For example: If Gandhi had been assassinated earlier, would that have made him
a worse man?

------
larrik
I don't know why this is such a surprise to everyone. Outside of the startup
scene, showing net profit is a Bad Thing. It increases liability to taxes and
to employees[1], etc.

Maybe public companies are different (though since, movie studios are just
about all subsidiaries of public companies, maybe not), but in my dealings
with many multi-million dollar companies (especially those with union
contracts to deal with), they find any way possible to show a loss on the
balance sheet.

Between accounting tricks and taking money off the table through reinvesting
(real or imagined) and executive salaries, profit is basically a made up
number based on whatever management wants it to be.

Taking any percentage of net profit, in plenty of industries, is basically the
same as taking nothing.

On a side note: the article and the one from the other day that mentioned this
story as well only seemed to consider box office gross as the movie's revenue.
I mean how many of us just on HN have more bought or gotten than one copy of
the Star Wars movies over the years?
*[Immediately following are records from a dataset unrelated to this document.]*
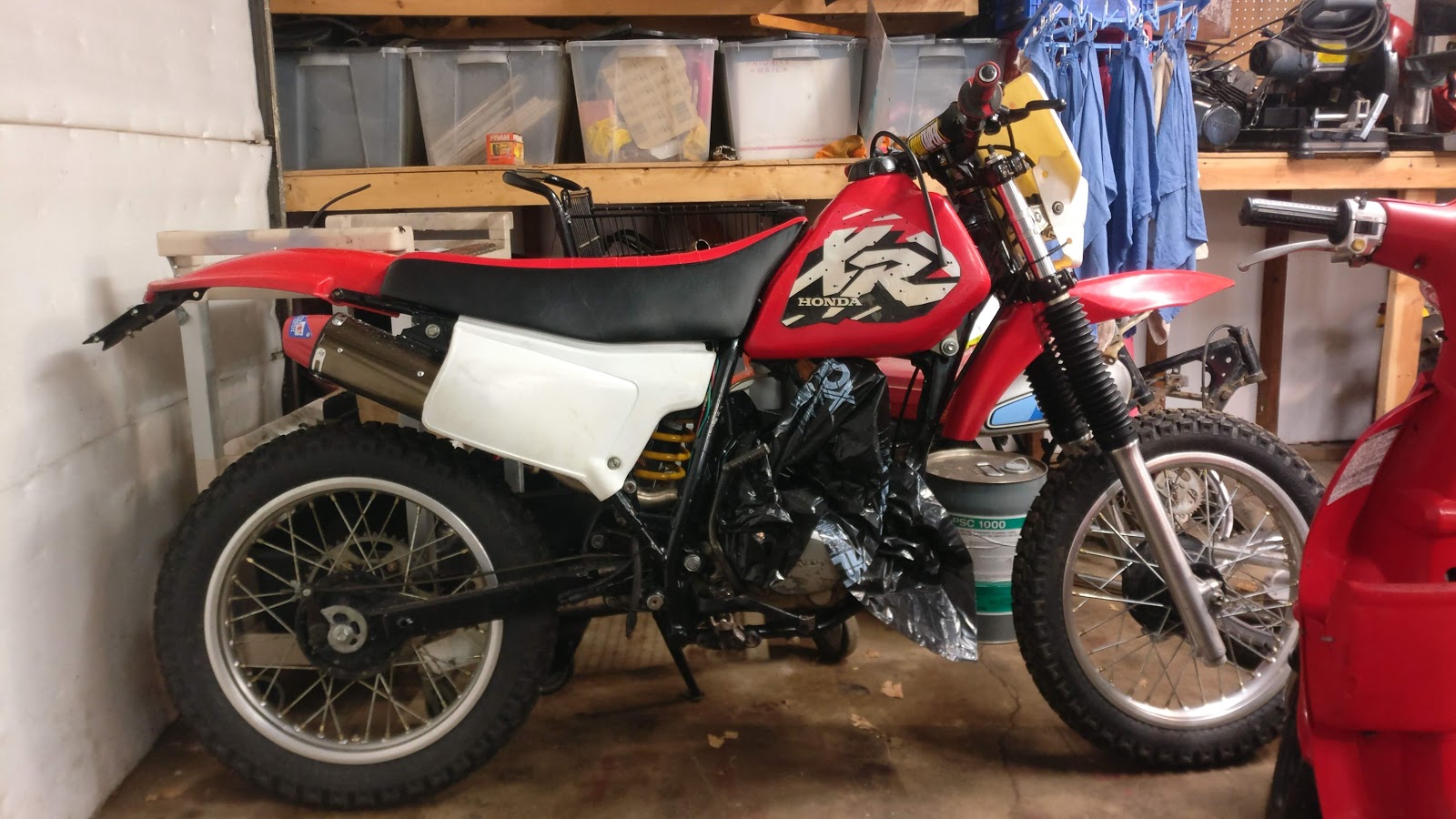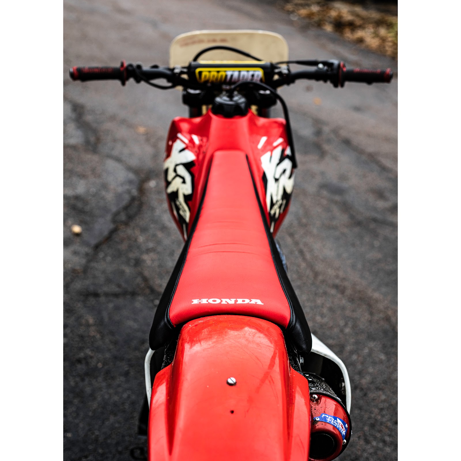 I decided to redo the xr200r seat again. I took the seat cover off and shaved the foam down with an angle grinder and flap disc. I made the read smaller so it would be more flush with the rear fender. For the seat cover, I used an crf cover for the center strip and sewed black to the sides.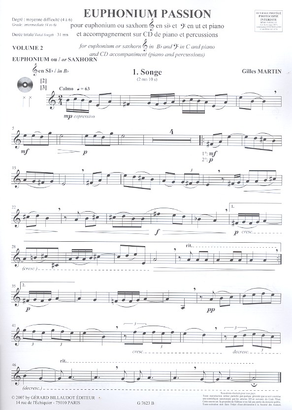 | Untertitel: | pour euphonium (saxhorn) en sib ou ut et piano |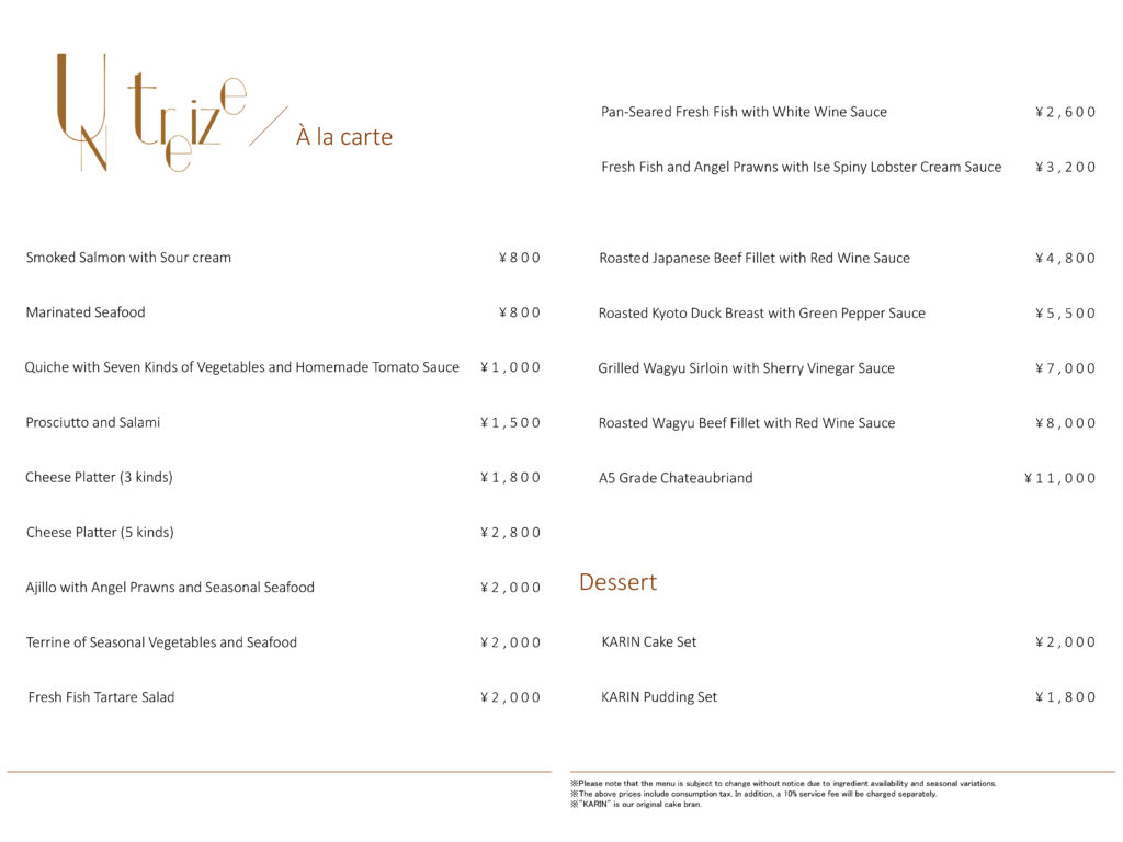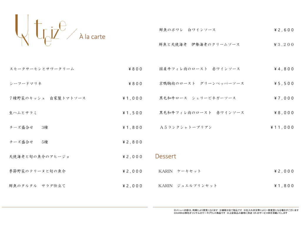 ・KARIN×un-treize 季節のデザートワゴンサービス飲み物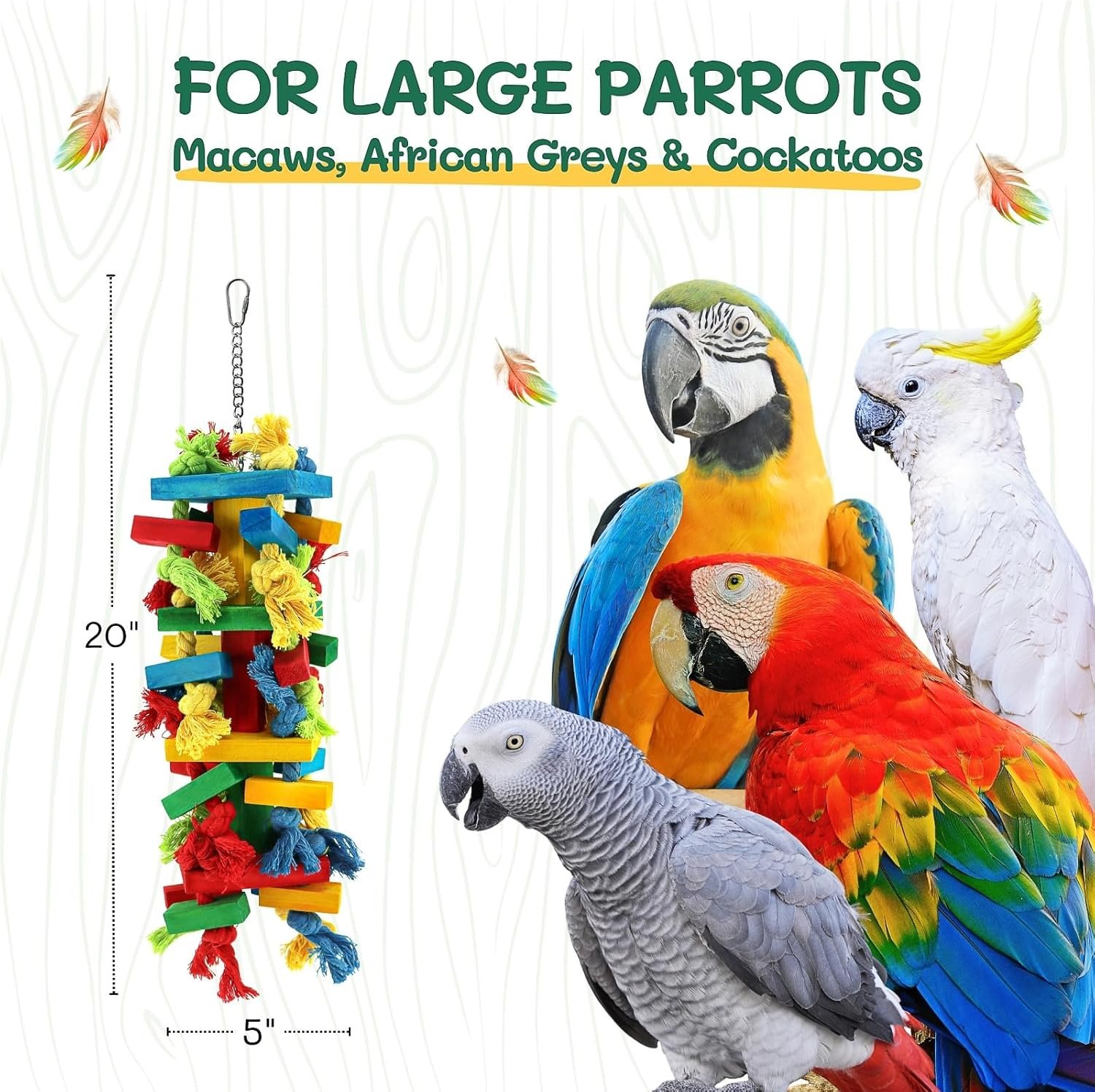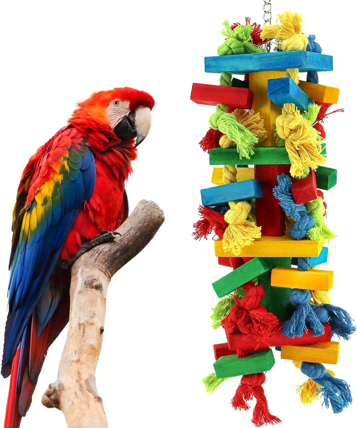 This bird toy is designed to provide entertainment and stimulation for large parrots, such as macaws, African greys, and cockatoos. The toy features a vibrant mix of wooden blocks and cotton rope, making it easy for your avian companion to wiggle, explore, and chew. It helps to reduce anxiety and unwanted behaviors like feather plucking, keeping your parrot entertained and engaged.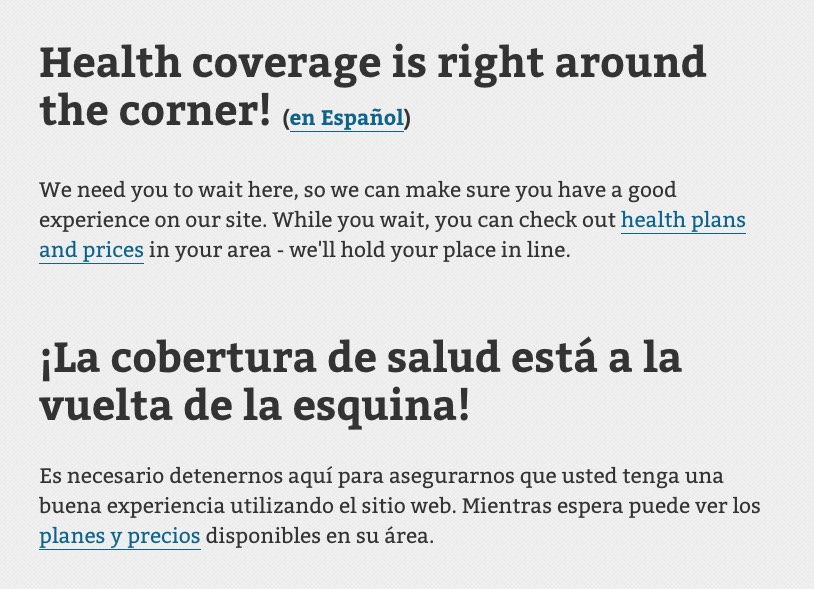 Well, assuming that this is all due to real people attempting to sign up, I might need to rethink that projection after all. I just visited HealthCare.Gov, and while the home page loaded quickly, clicking the "Log In" page brought up the Waiting Room screen:
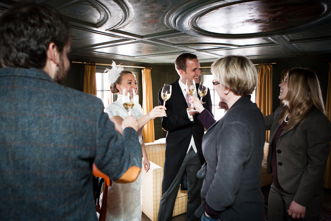 Ende Januar war ich in Österreich um die Hochzeit von Verena und Jan zu begleiten. Die begeisterten Wintersportler hatten ihre Familien und Freunde in den Bregenzer Wald geladen und als sich die Gesellschaft am Freitag zu Käsespätzle und "zünftiger Musi" versammelte, verzauberte ausreichend Neuschnee die abendliche Winterlandschaft. Leider fing es samstags, pünktlich zu den Vorbereitungen, in Strömen an zu regnen, so dass wir in dem schwimmenden Matsch keine Aussenaufnahmen machen konnten. Tja, das ist nun mal so eine Sache mit dem Wetter - aber richtige Wintersportler fahren bei Wind und Sturm Ski und heiraten natürlich auch bei Regen - und feiern ausgelassen den "Apres-Ski", wie man auf den Bildern erkennen kann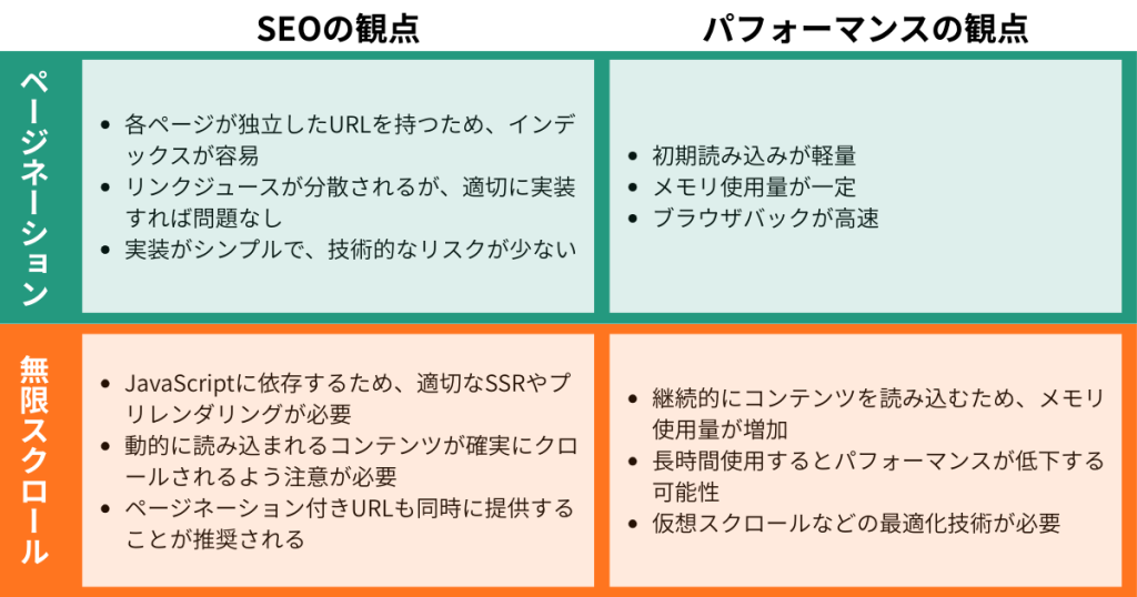 最後に、ページネーションと無限スクロールをSEOとパフォーマンスの観点から比較してみます。

I know I have at least 3 hanging around,
to say nothing of TV airings and the like.

[1]Liability to employees: Through profit-sharing programs, raise discussions,
union contract talks, etc., publicly showing a "profit" can cost the company
money.

------
kprobst
I seem to remember Alec Guinness hit the jackpot on the SW franchise by
demanding a % of the profit (gross?), so I assume this guy had a different
contract. I suppose Guinness had a lot more pull and negotiating leverage than
a dude whose primary contribution to the films was to be tall.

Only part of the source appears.